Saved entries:
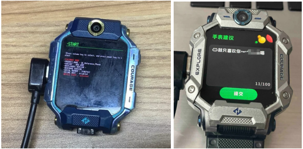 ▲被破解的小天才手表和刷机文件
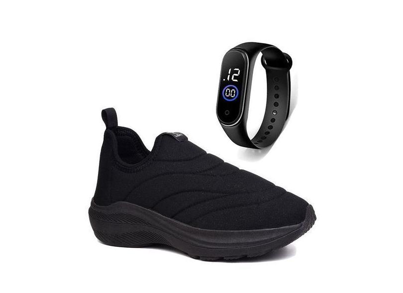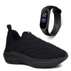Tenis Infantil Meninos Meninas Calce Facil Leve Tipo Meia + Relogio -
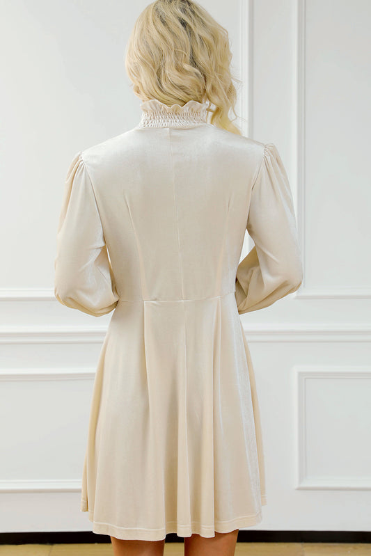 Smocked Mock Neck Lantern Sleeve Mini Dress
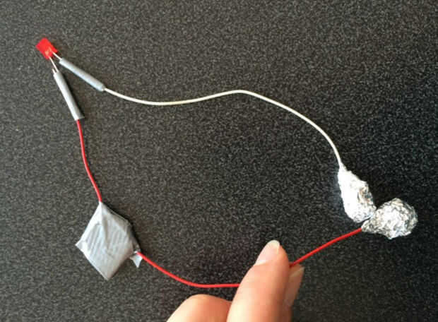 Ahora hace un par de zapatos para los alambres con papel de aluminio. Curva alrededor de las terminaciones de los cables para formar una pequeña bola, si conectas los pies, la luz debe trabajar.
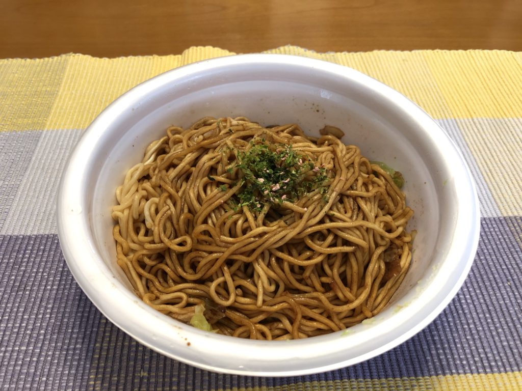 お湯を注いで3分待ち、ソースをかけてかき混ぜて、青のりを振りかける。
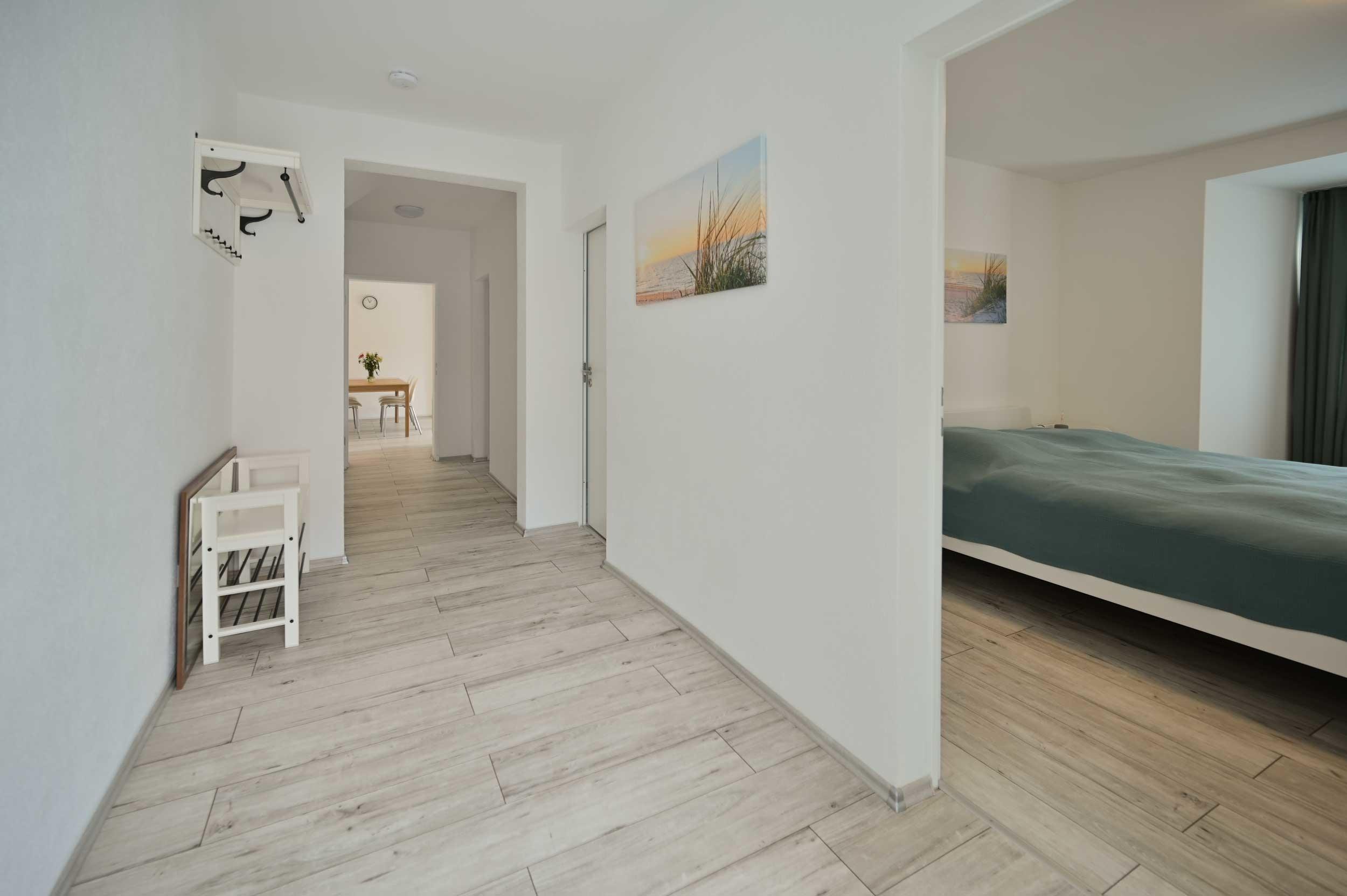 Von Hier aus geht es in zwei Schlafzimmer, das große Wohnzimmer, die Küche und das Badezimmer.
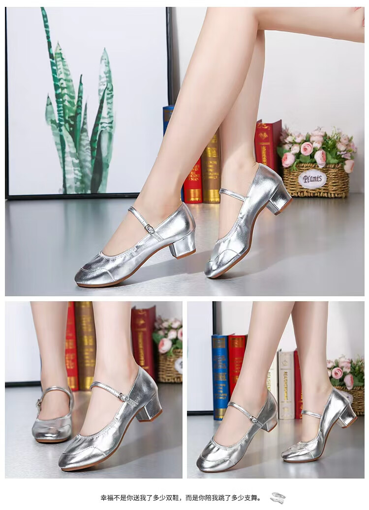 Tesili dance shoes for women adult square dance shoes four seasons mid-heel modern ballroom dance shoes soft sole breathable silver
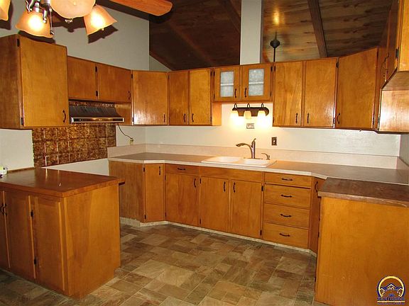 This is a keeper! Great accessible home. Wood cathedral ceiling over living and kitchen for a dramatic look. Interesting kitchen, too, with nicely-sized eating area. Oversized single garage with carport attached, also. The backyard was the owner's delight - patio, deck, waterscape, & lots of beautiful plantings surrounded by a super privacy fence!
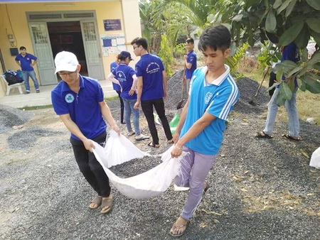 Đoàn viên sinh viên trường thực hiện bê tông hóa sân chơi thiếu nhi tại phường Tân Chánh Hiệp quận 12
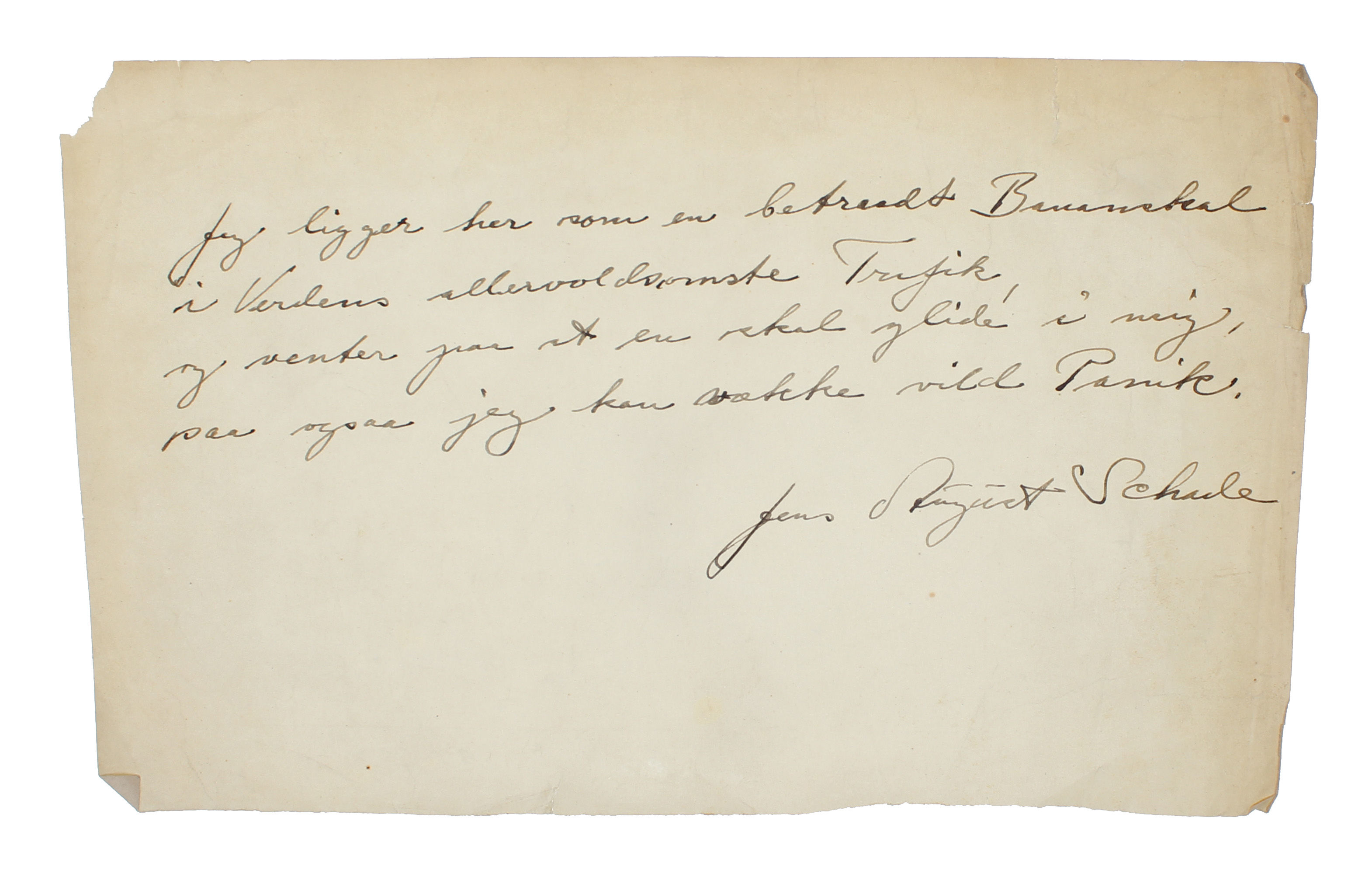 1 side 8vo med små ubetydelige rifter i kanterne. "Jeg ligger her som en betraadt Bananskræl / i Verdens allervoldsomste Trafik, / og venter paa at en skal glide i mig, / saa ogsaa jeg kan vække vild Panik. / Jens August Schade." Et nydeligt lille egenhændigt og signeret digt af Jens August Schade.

* * *

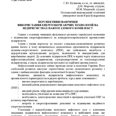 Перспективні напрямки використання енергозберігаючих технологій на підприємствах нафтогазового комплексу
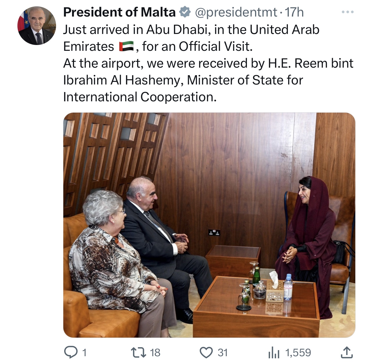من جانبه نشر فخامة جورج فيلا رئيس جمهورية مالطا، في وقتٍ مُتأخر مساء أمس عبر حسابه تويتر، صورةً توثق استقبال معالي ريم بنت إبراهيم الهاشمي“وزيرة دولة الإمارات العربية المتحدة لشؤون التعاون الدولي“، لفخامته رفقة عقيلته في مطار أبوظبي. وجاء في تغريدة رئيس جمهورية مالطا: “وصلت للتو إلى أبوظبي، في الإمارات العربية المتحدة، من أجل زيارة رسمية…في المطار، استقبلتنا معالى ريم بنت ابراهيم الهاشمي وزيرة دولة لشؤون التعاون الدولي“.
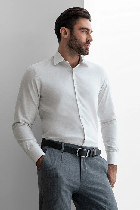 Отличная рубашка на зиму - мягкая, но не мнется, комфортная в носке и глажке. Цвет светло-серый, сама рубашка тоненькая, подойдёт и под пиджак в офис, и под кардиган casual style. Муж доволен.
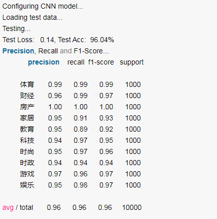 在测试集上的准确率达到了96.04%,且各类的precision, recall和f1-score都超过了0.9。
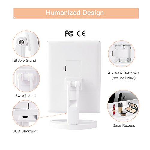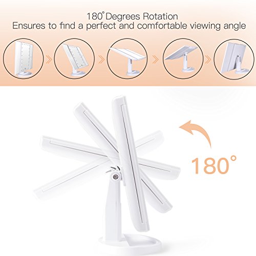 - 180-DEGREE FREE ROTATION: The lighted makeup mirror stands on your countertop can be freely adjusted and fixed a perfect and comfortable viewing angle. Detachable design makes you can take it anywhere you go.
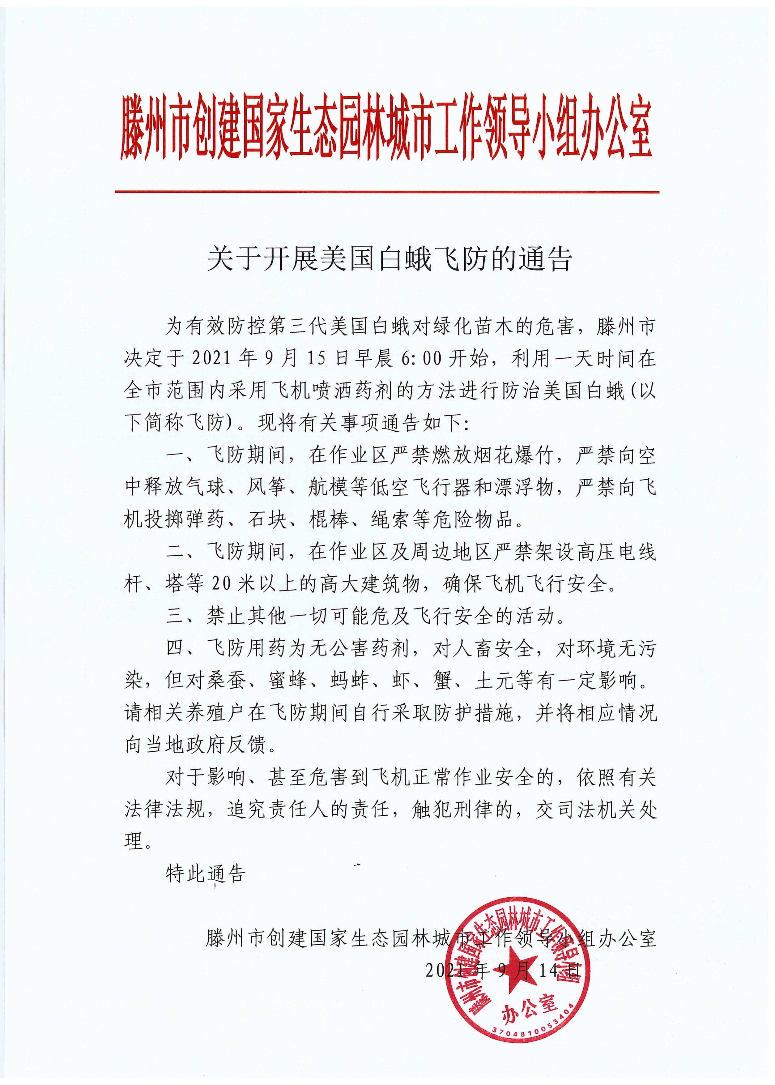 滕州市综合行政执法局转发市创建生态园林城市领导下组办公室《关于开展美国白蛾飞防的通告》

* **Task to complete**
Above are the records; copy exactly the lines from the one with "Ahora hace un" through the one with "1 side 8vo med", including both, and nothing more. Leave out pictures.

* **Written reply**
 Ahora hace un par de zapatos para los alambres con papel de aluminio. Curva alrededor de las terminaciones de los cables para formar una pequeña bola, si conectas los pies, la luz debe trabajar.
 お湯を注いで3分待ち、ソースをかけてかき混ぜて、青のりを振りかける。
 Von Hier aus geht es in zwei Schlafzimmer, das große Wohnzimmer, die Küche und das Badezimmer.
 Tesili dance shoes for women adult square dance shoes four seasons mid-heel modern ballroom dance shoes soft sole breathable silver
 This is a keeper! Great accessible home. Wood cathedral ceiling over living and kitchen for a dramatic look. Interesting kitchen, too, with nicely-sized eating area. Oversized single garage with carport attached, also. The backyard was the owner's delight - patio, deck, waterscape, & lots of beautiful plantings surrounded by a super privacy fence!
 Đoàn viên sinh viên trường thực hiện bê tông hóa sân chơi thiếu nhi tại phường Tân Chánh Hiệp quận 12
 1 side 8vo med små ubetydelige rifter i kanterne. "Jeg ligger her som en betraadt Bananskræl / i Verdens allervoldsomste Trafik, / og venter paa at en skal glide i mig, / saa ogsaa jeg kan vække vild Panik. / Jens August Schade." Et nydeligt lille egenhændigt og signeret digt af Jens August Schade.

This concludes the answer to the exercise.